Here’s a look at some of the transportation headlines gathered by the Metro Library. The full list of headlines is posted on the library’s blog.
Mayor’s 30/10 Initiative moves foward (L.A. Times)
Columnist Tim Rutten says that 30/10 is probably Mayor Antonio Villaraigosa’s best proposals to date, as it would jump-start the local job scene by building 30 years of transit projects in the next 10 years. But Rutten notes that 30/10 is innovative and still needs Congressional approval. But what initially appeared to be the longest of long shots, Rutten notes, now has a real chance of becoming reality.
Where are Brown and Whitman on transportation issues? (L.A. Streetsblog)
Damien Newton takes a look at where the candidates for governor stand on transportation and finds that neither has said much. Newton does not that as attorney general, Brown defended the proposed Transbay Terminal for the state’s proposed high-speed rail project. One key difference has emerged: Brown approves of the state’s climate change legislation to reduce greenhouse gas emissions and has opposed efforts to delay it and Whitman has said that she wants to delay implementation.

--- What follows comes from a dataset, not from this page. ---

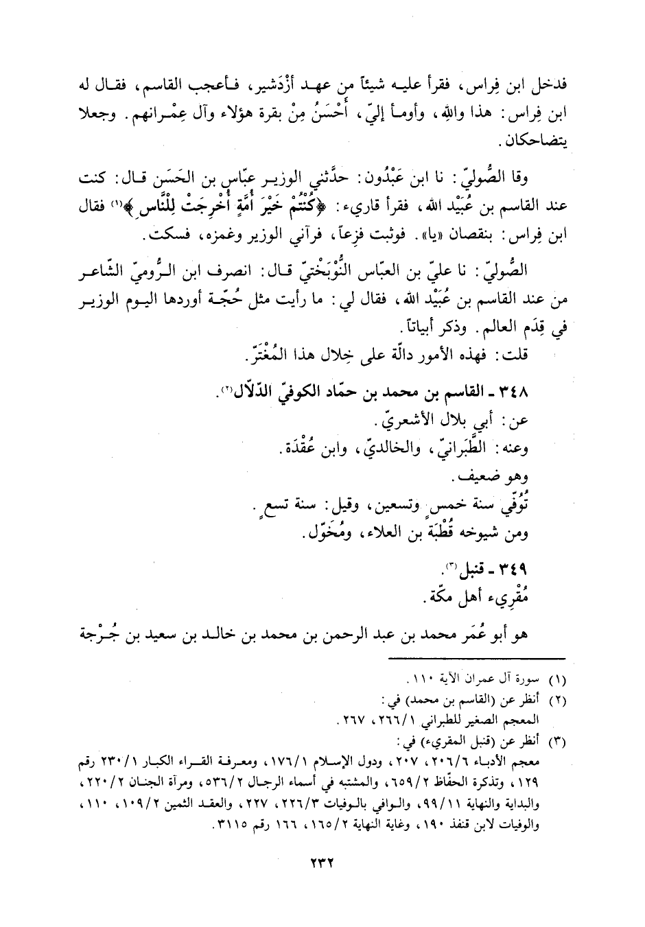وقال الصّوليّ: نا ابن عَبْدُون: حدَّثني الوزير عبّاس بن الحَسَن قَالَ: كنت عند القاسم بن عُبَيْد الله، فقرأ قارئ: كُنْتُمْ خَيْرَ أُمَّةٍ أُخْرِجَتْ لِلنَّاسِ 3: 110 [1] فَقَالَ ابن فِراس: بنقصان «يا» . فوثبت فزِعًا، فرآني الوزير وغَمزه، فسكت.

More scooters on road could mean more deadly accidents (Chicago Tribune)
Sales of scooters are booming thanks to new, cheaper models from China and Taiwan — some of which are priced for less than $1,000
— far less than more expensive and better-known brands such as Vespa. In Illinois, the number of scooters on the road has about quadrupled in the past four years and traffic safety experts fear that less experienced riders could be headed for trouble. Traffic accident data, however, has not yet shown that to be a problem.
LaHood reaffirms new policy helping cyclists and pedestrians (Welcome to the Fast Lane blog)
U.S. Transportation Secretary Ray LaHood says the U.S. Department of Transportation needs to also help cyclists and pedestrians get around, thus the recent policy change saying cycling and pedestrian facilities should be included in new federal projects. And he points out that the cost of improving more than 2,000 miles of a bike lane that runs across the East Coast is the same as building a single freeway bridge over a river.